Bea Haines is unique because through her art she chose to pay tribute to her dead great-uncle and her grandmother who passed away ten years ago. She recalls that when her grandmother had passed away they were left with the house in which she had lived and in all corners of the house were reminiscences of her grandmother. From the things she used, to the chair she fondly sat on, to the carpet that was worn out by being under her feet for many years and so on and so forth- it was as if her grandmother had continued to live on through the things that she had left behind. It was at that moment that Bea decided to make use of her grandmother’s ‘gallstones’ (as these were all she had of her grandmother’s body) in creating a piece of art. As a daughter of parents who met and worked at the Madame Tussauds it came naturally to Bea to innovate and pay homage to her loving grandmother through her artistic sensibilities.

The artist notes that for most people gallstones are nothing but biological waste but for her they were her grandmother’s relics. She worked on them under the microscope and magnified the crater like images that she saw, nurturing and developing these with her own artistic sensibilities. Her grandmother was an epitome of love and the artist thought of an extremely innovative way to deal with her death.  Bea Haines said “People burn and bury their bodies because there’s this notion of ‘rest in peace’. But why rest in peace when you can have some kind of life after you’ve died?”

Bea similarly took a revolutionary step while dealing with her great-uncle’s death. Instead of scattering his ashes she chose to convert them into paint for art. She shares how she faced some initial ridicule and resistance when she shared the idea but how gradually things fell into place when people began to see the purpose behind it. She took efforts to collect water from the lake where her uncle Jack has learnt to swim as a child and used that along with his ashes to create the paint for her artwork.

 Bea said,

There’s a great deal of my time and effort and love put into these projects. To me, what I’m doing is actually more respectful than just scattering ashes or throwing gallstones away as biological waste. This is my way of respecting the dead.

Bea Haines ideas are indeed revolutionary and her way of approaching the tabooed theme of death is inspiring.
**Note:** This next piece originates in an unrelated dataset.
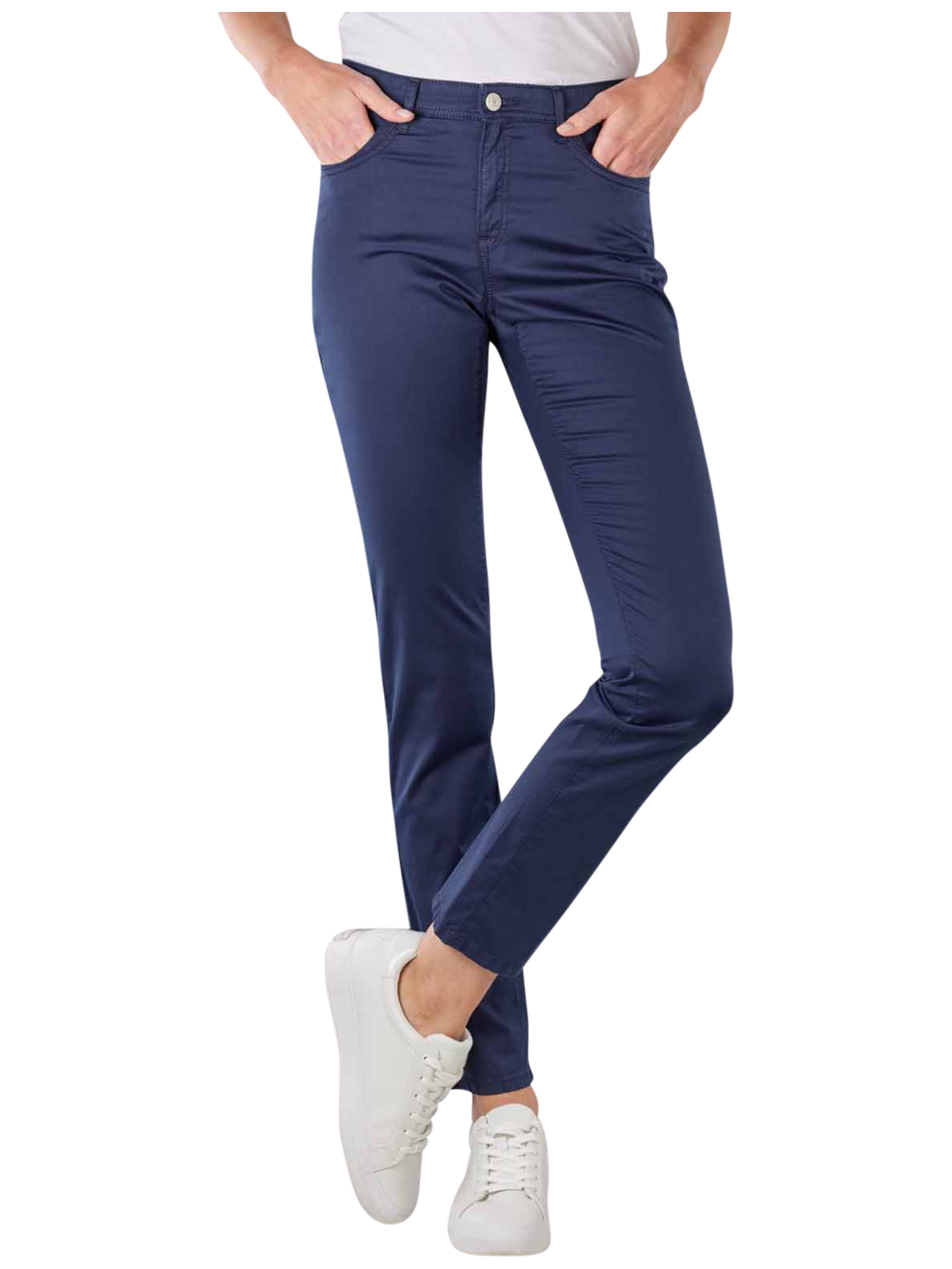 Die Hose für Damen sitzt dank des Strechtanteils bequem. Sie kann mit einem Reissverschluss und einem Hosenknopf optimal verschlossen werden. In den fünf Taschen der Hose können kleine Gegenstände, wie beispielsweise der Haustürschlüssel, verstaut werden. Die Hose kann gut zu einem Casual und Business Stil kombiniert werden. Der hohe Baumwollanteil sorgt dafür, dass die Hose sehr hautfreundlich ist.

While in most families this topic is avoided and regarded as negative, non-negotiable and distasteful, the ideas of this artist open our eyes to an altogether new alternative.  Yes, death is an inevitable part of life and it is as natural as birth is. It has rightly been said that the artist is endowed with a sensibility beyond the average human and thus can find meaning even in the darkest of hours. Bea Haines creations are not just pieces of great art but are also testimonies to a higher, spiritually inclined and evolved discussion on death.